# General > General >  Ray Mears or Bear Grylls?

## Rheghead

Who would you prefer to get you out of a survival situation?  Is Bear Grylls for real or is it just me?  Ray Mears seems more knowledgeable to me.

----------


## MadPict

Ray Mears without a shadow of doubt.

Grylls is just a 'charlatan' - turns out he is less than truthful. He apparently often stays in hotels while shooting his "survival" series. Guess you can survive anything with a hot shower, mini bar and room service...
Also situations are 'set up' by the crew to demonstrate some techniques for "survival".

In one of his programmes he stated ""Eat anything in the mangroves and you risk dancing with the Devil - anything from dysentery to liver failure..."

So, why the hell did he eat that raw crab? Mears doesn't need to use such 'tricks' - he doesn't kill something just to prove a point... 

Funnily enough Ray Mears was asked in an interview (Radio Times) about the Bear fiction (as opposed to the bare facts...)




> *Do you watch Bear Grylls for tips?*
> Ha ha ha ha ha [laughs for about a minute]. Do I look for tips from Bear Grylls? Yes - on how not to make television programmes! As far as I am concerned, these people are just showmen. I think the viewer knows that if you want to really know how to take care of yourself in the wild, I'm the person to talk to.
> 
> *Did you laugh out loud when you heard that Bear Grylls had been caught "surviving" in a motel?*
> Yeah. You can take short cuts if you want, but we never have. I've had many arguments with the directors, telling them, "We do it the right way or not at all". That caused a problem in the old days, but now directors see what happens if you cheat. It's a sad indictment of the world we live in that television wants that kind of hype. And it's crap television. When people break those rules and think it's Ok to dress the stage a little bit, that spoils the whole thing. I think that's an abuse of a powerful medium.

----------


## joxville

I've never heard of either of them.  ::

----------


## crayola

> Who would you prefer to get you out of a survival situation?

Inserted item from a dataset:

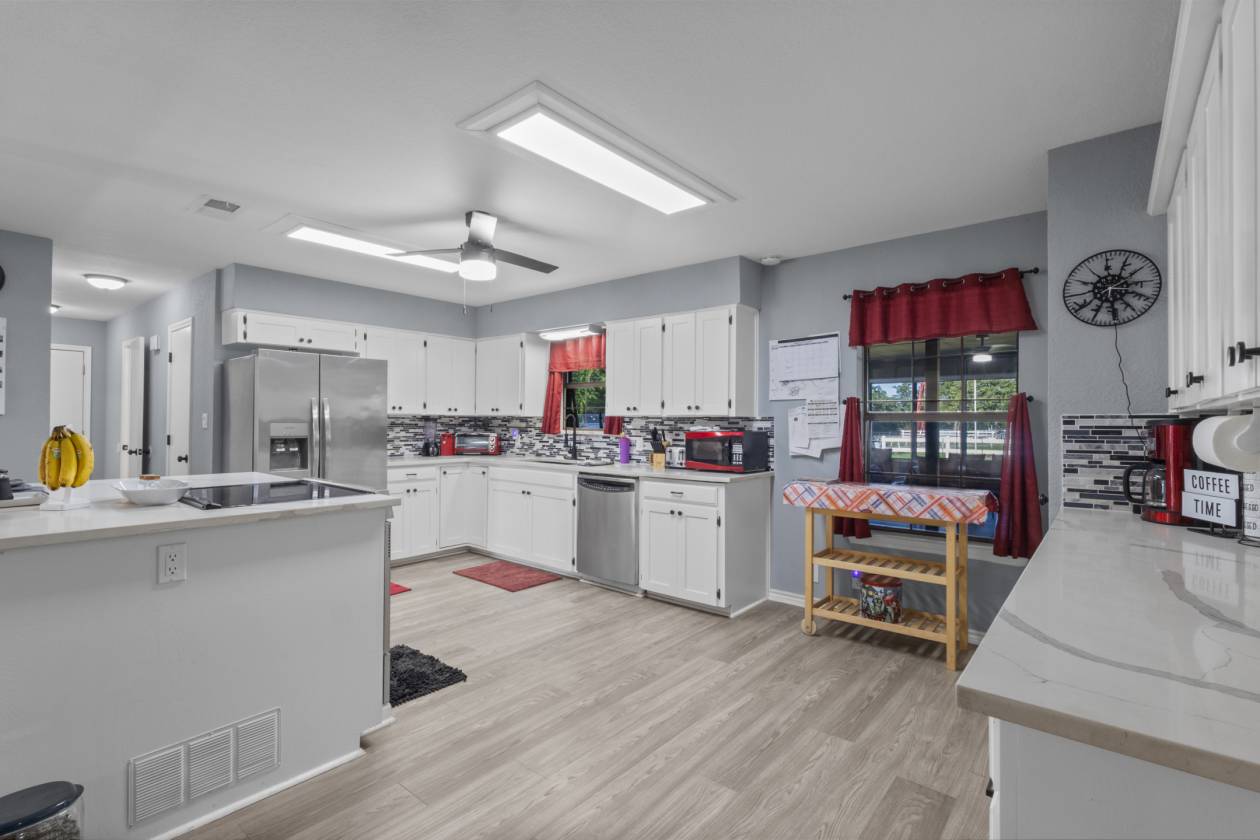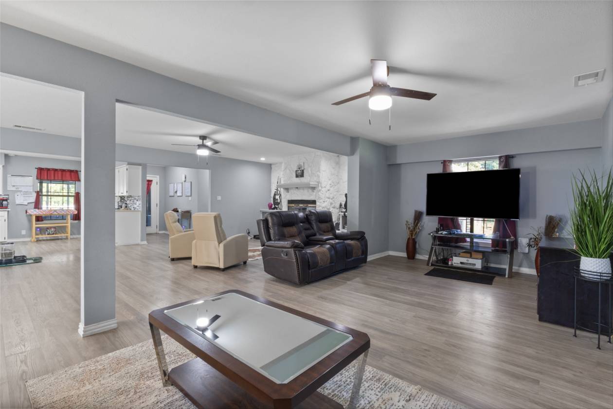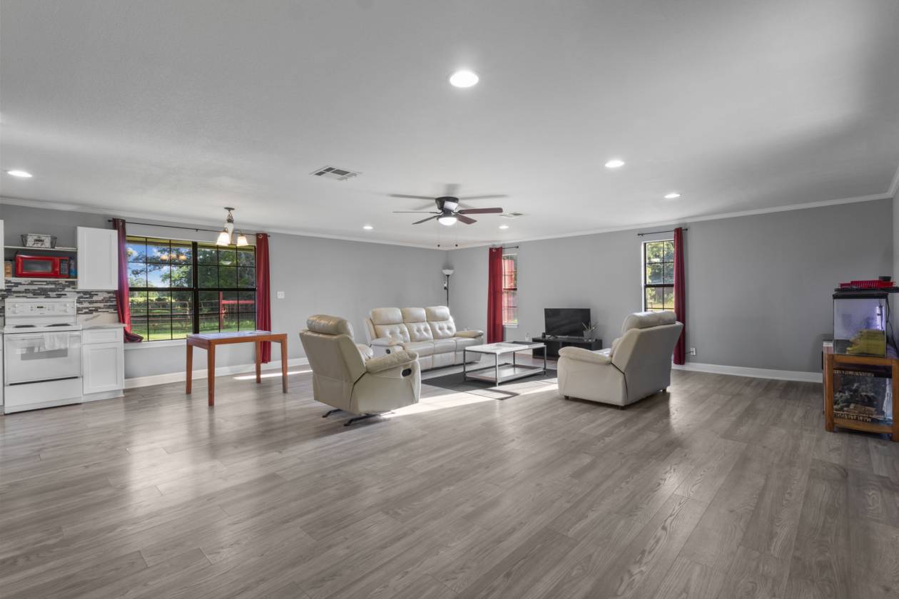 • This stunning 19.8± acre ranch offers the ultimate country living experience. Featuring 6 bedrooms, 4.5 bathrooms, over 4,100 square feet, and a 2-car garage, this property has been designed for comfort and convenience. The home boasts an open floor plan, modernized with top-to-bottom updates completed in 2020, combining style and functionality. The kitchen, complete with natural lighting and updated finishes, flows seamlessly into a bright living area, while the primary suite impresses with an oversized layout, spacious closets, and luxurious ensuite. Additional bedrooms are well-sized for comfort and flexibility. For extended family or guests, enjoy a separate living area with its own kitchenette and private entrance—perfect for multi-generational living. . Solar panels enhance energy efficiency and keep utility bills in check. Relax on the screened-in porch, soaking in peaceful views of your land.
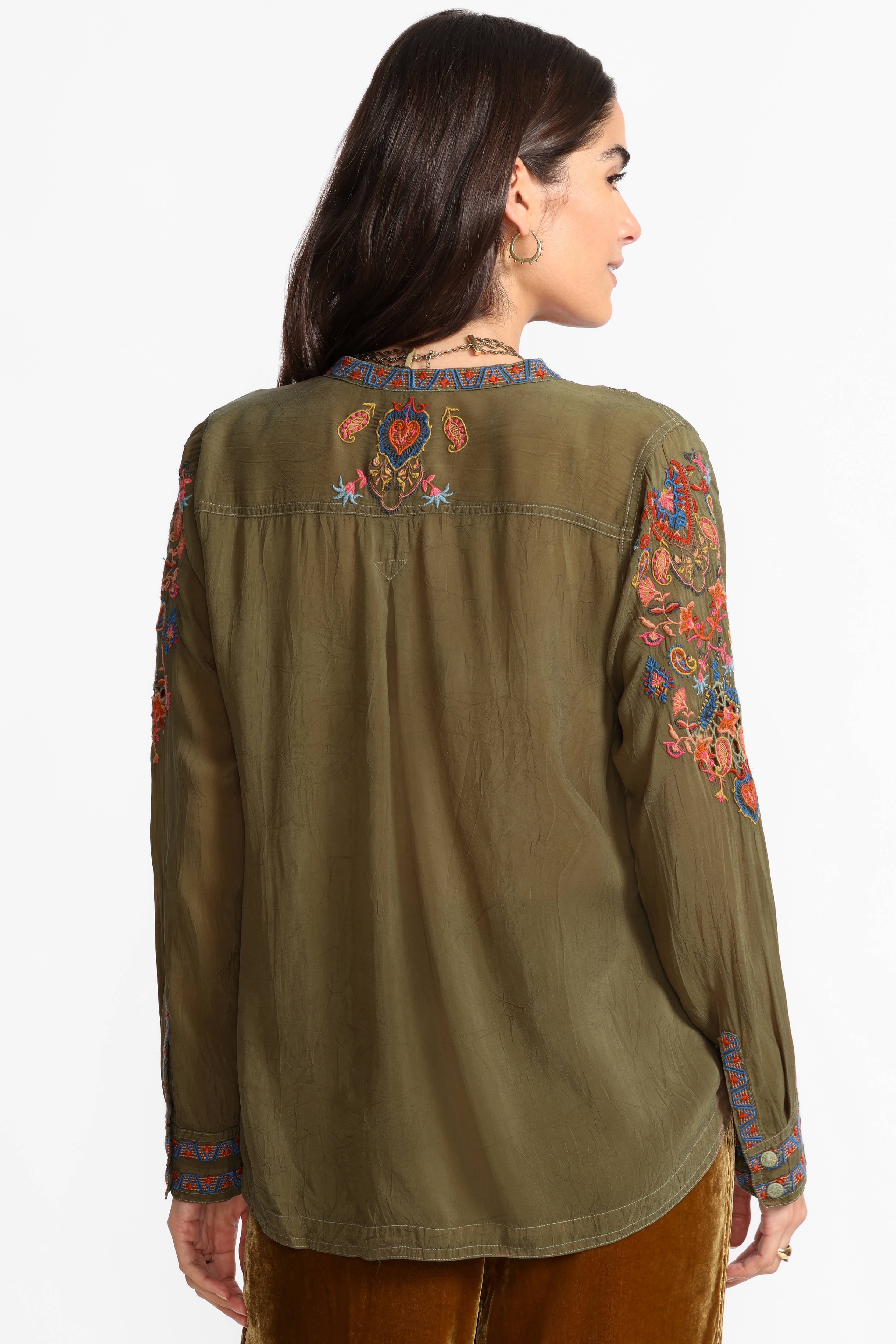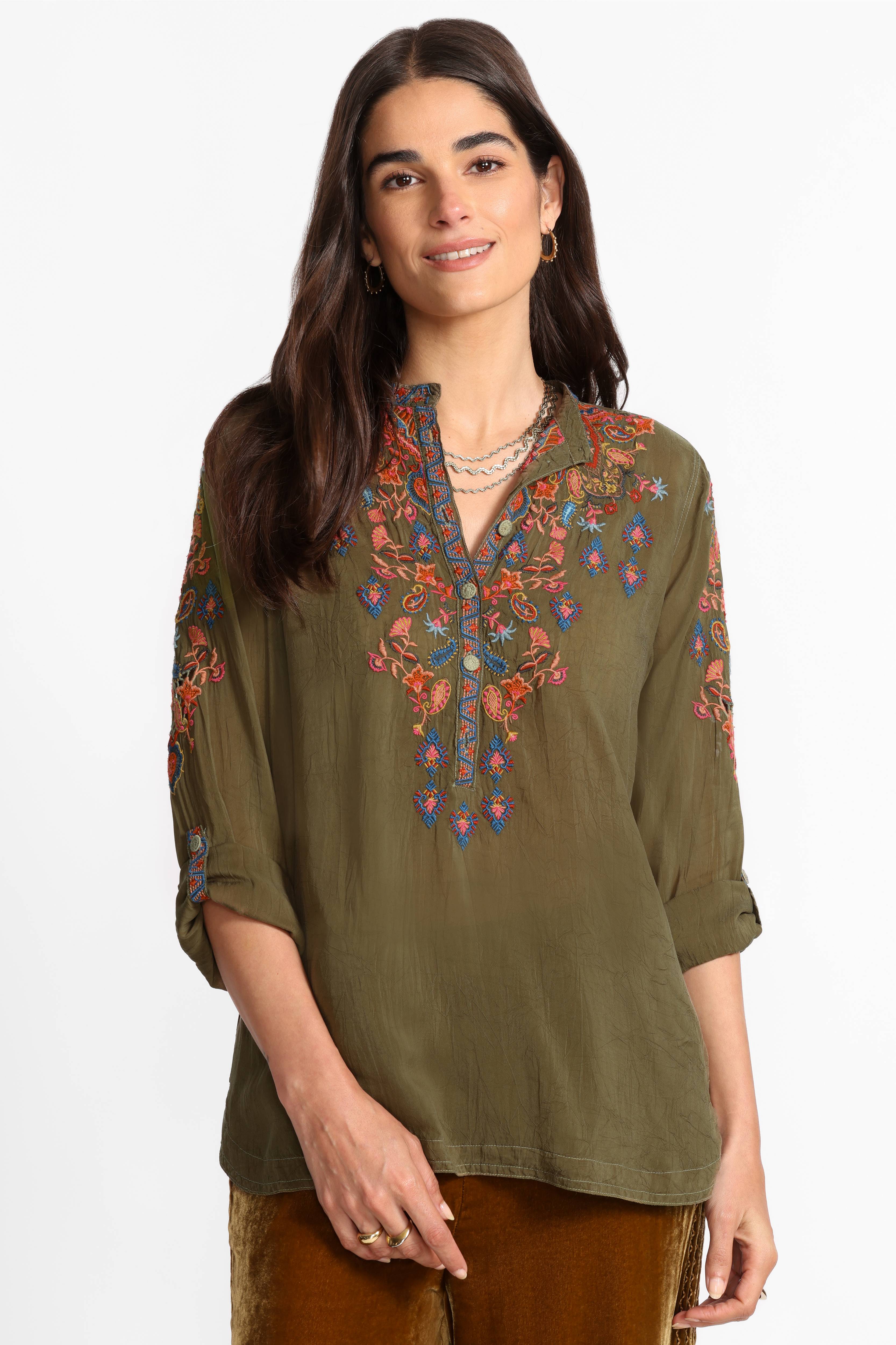 Crafted from a lightweight breathable fabric, the Alba Blouse is adorned with an intricate floral pattern imbued with vibrant color. Designed with a Henley neckline and roll-tab sleeves, this top is finished with a curved hemline and intricate embroidered detailing. Pair with relaxed-fit jeans and fashion sneakers for a fresh casual weekend look.

It's total no brainer. It's the bear of course. He's easy on the eye, he has a decent body and they don't all look the same in the dark.  :Wink: 

Mears would bore me to death mentally. With a bit of luck the bear would bore me...... Well, you know.  :Wink:

----------


## Gene Hunt

> Who would you prefer to get you out of a survival situation?  Is Bear Grylls for real or is it just me?  Ray Mears seems more knowledgeable to me.


Neither. 

If I was out in the boonies I would want Chris Ryan with me. Forget the rubbish books and the disputes over the real events of Bravo Two Zero this guy made the longest Escape and Evasion in SAS history in walking from Iraq to Syria and losing a near fatal 30 odd pounds of body weight and suffering from severe muscular atrophy along the way. He also mistakenly drunk water that was contimated with nuclear effluent and still made it. 

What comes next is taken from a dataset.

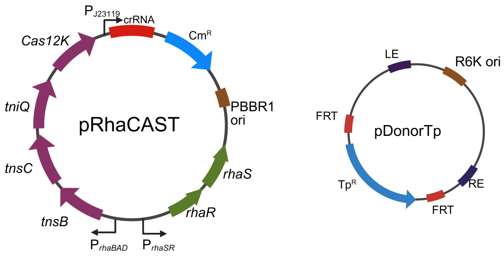 Genome editing in non-model bacteria is important to understand gene-to-function links that may differ from those of model microorganisms. To broaden the genetic tools available for Bcc species, we developed RhaCAST, a targeted DNA insertion platform based on a CRISPR-associated transposase driven by a rhamnose-inducible promoter. Read about this system in Yap et al., 2024 Applied and Environmental Microbiology.
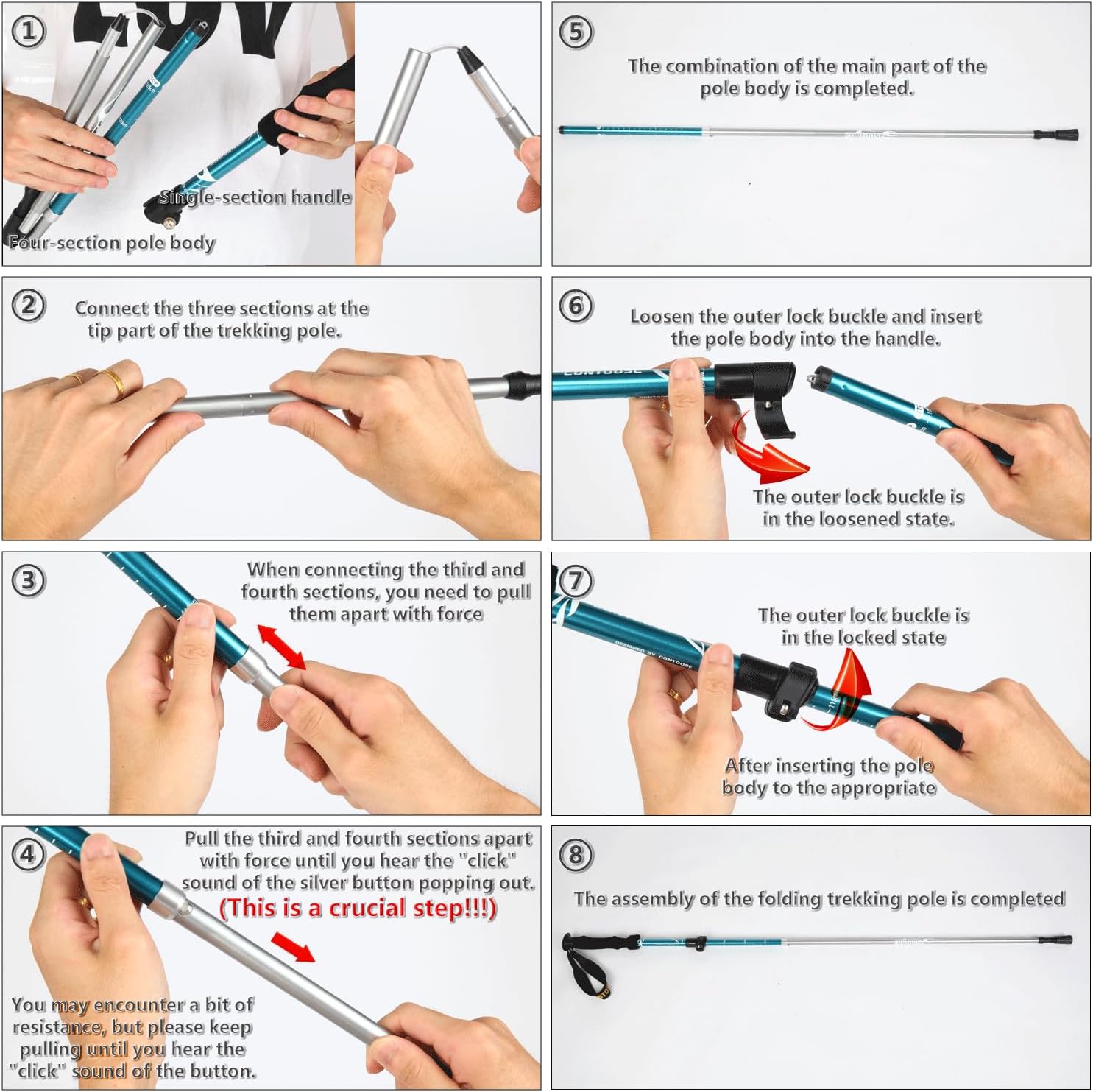 These hiking poles are engineered for durability and performance, ensuring they can withstand the toughest terrains and weather conditions. The lightweight design provides you with added support and stability, reducing strain on your joints and muscles during long treks.

I would rather have a guy with me who has done it for real rather than for a TV programme.

----------


## crayola

> If I was out in the boonies I would want Chris Ryan with me.


You can't have him, he'll be mine when I'm done with the bear.  :Wink:

----------


## Gene Hunt

> You can't have him, he'll be mine when I'm done with the bear.


I like your style ..  :Wink:

----------


## sweetpea

TBH, I preferred Steve Irwin to them but he got killed by a stingray!

----------


## Gene Hunt

> TBH, I preferred Steve Irwin to them but he got killed by a stingray!


He should have worn sunglasses. Just the thing for protection from harmful rays.

----------


## sweetpea

> He should have worn sunglasses. Just the thing for protection from harmful rays.


Too true! invisability as well.

----------


## scorrie

> With a bit of luck the bear would bore me...... Well, you know.


As usual, Bear Grylls got into difficulties fulfilling an offer and had to be pulled out by the real professionals:-

----------


## MadPict

> Mears would bore me to death mentally.



I think you'd be pleasantly surprised at Ray's knowledge. He is certainly more in tune with indigenous people and their abilities at surviving and working with nature than Bear "book me into a five star hotel" Grylls...

----------


## thebigman

Les Hiddins the bush tucker man from the late '80s was the first of these guys to show survival stuff on TV. Did a couple of shows with Ray Mears recently.

----------


## Gene Hunt

> As usual, Bear Grylls got into difficulties fulfilling an offer and had to be pulled out by the real professionals:-


Is he growing clones of himself in his veggie patch or something ??

----------


## MadPict

> 


"OK Ray, I admit it - you're THE man....."

----------


## crayola

> I think you'd be pleasantly surprised at Ray's knowledge. He is certainly more in tune with indigenous people and their abilities at surviving and working with nature than Bear "book me into a five star hotel" Grylls...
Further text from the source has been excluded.